**EXERCISE PROMPT**
When you reach the line containing "Yatak başı ve", begin reproducing the lines exactly and continue through the end of the listing, leaving out the pictures.

**SOURCE MATERIAL**
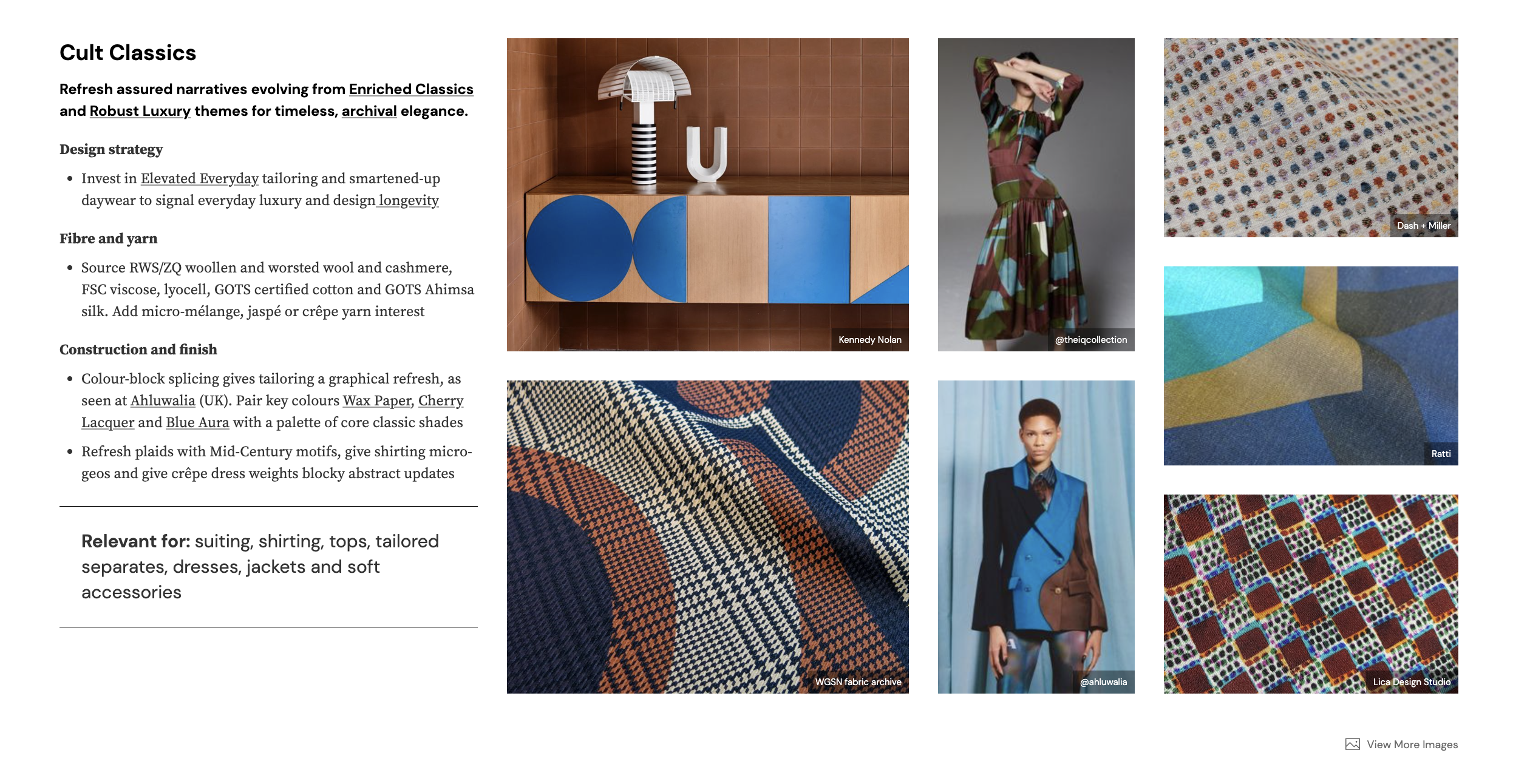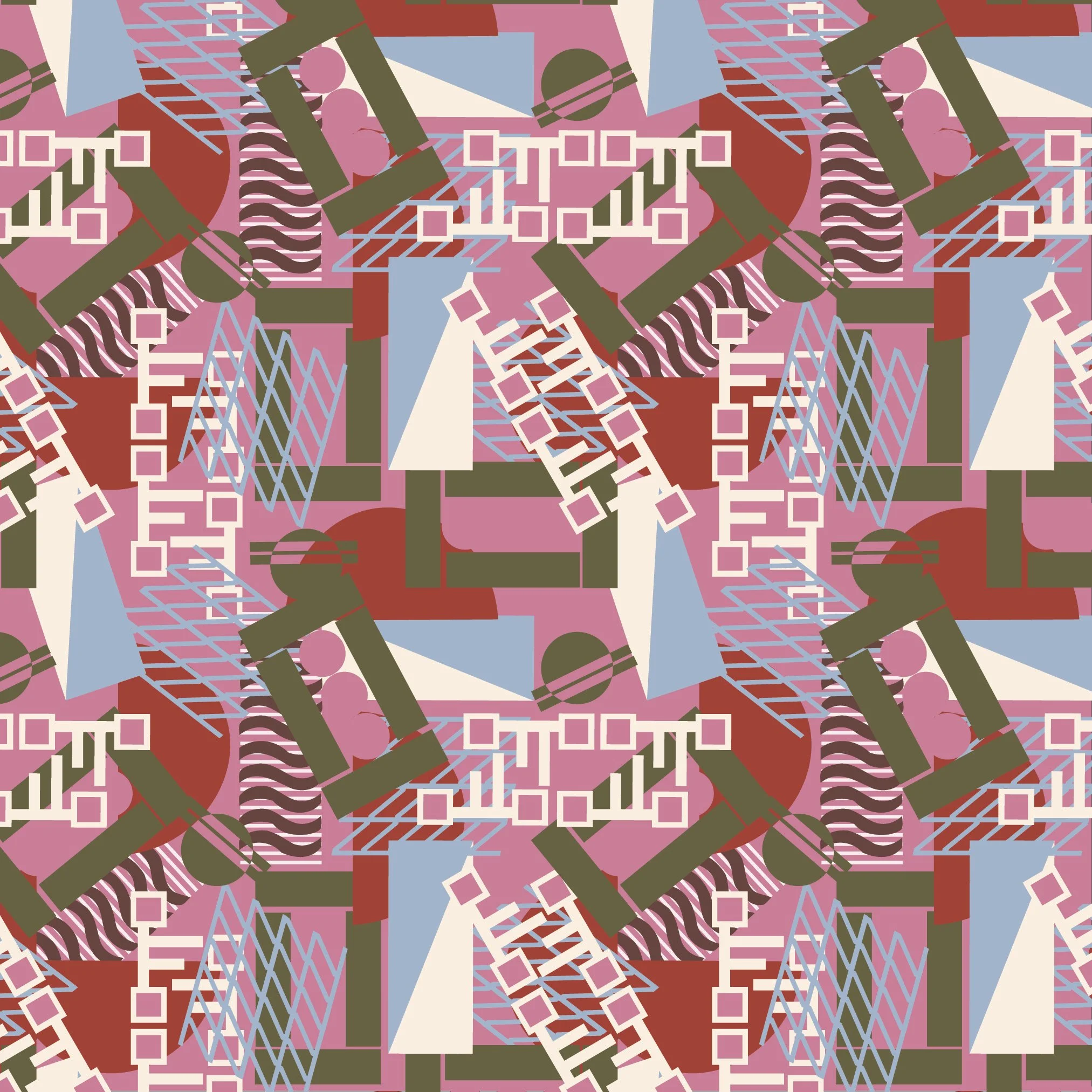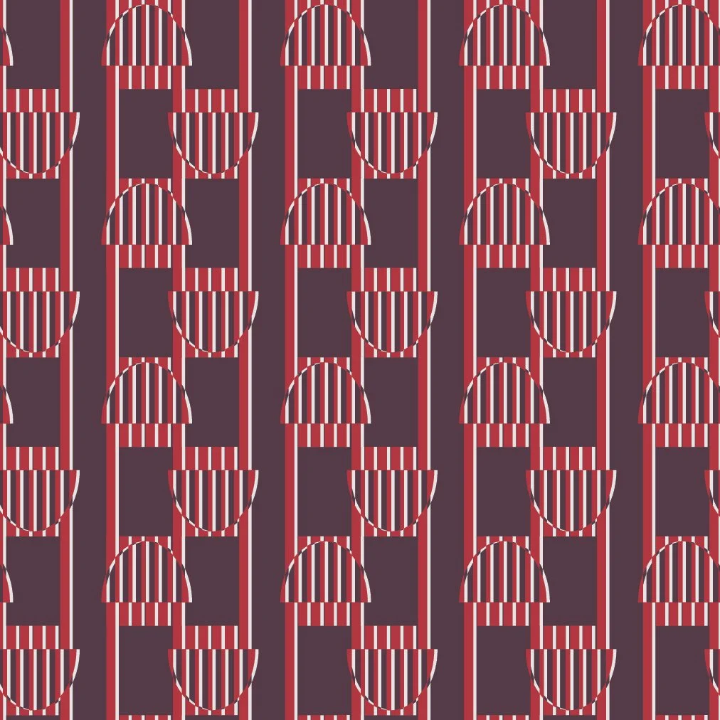 For this repeat collection, Femme/Form/Furore, I began my research by exploring print and pattern trends on sites like WGSN to understand current fashion directions. I then delved into historical graphic and geometric repeats from the 1910s, 1920s, and 1930s using resources like Pinterest, the New York Public Library digital database, and other library archives. To ground my work in contemporary fashion, I studied designers like Diane von Furstenberg to better understand how femininity and work-appropriate clothing are expressed through prints and patterns in the fashion industry. I also referenced the Vogue Business 2025 Autumn/Winter Size Inclusivity Guide to inform my understanding of the plus-size market and how prints can be designed to flatter a diverse range of body types.
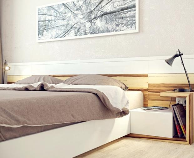 Yatak başı ve komidin dekorasyonu. Yatak kenarlarına konulan küçük masa görünümündeki çekmeceli minik dolaplardır.
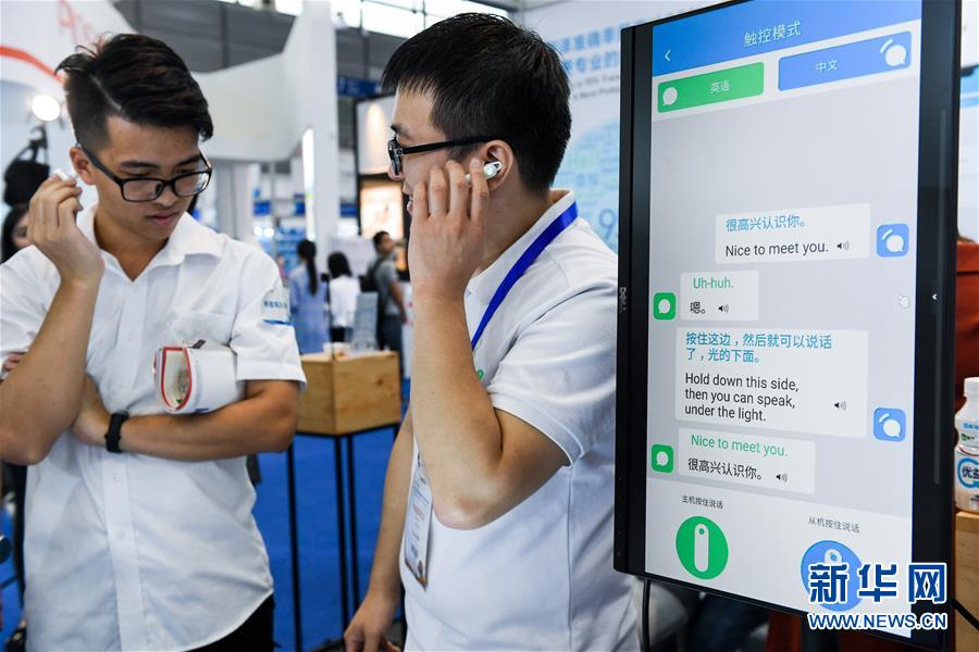 2018年11月16日,在深圳舉行的第20屆高交會上,來自深圳的年輕創(chuàng)客(右)向參觀者介紹團(tuán)隊(duì)研發(fā)的同聲傳譯耳機(jī)。 新華社記者 毛思倩 攝

**FINAL ANSWER**
 Yatak başı ve komidin dekorasyonu. Yatak kenarlarına konulan küçük masa görünümündeki çekmeceli minik dolaplardır.
 2018年11月16日,在深圳舉行的第20屆高交會上,來自深圳的年輕創(chuàng)客(右)向參觀者介紹團(tuán)隊(duì)研發(fā)的同聲傳譯耳機(jī)。 新華社記者 毛思倩 攝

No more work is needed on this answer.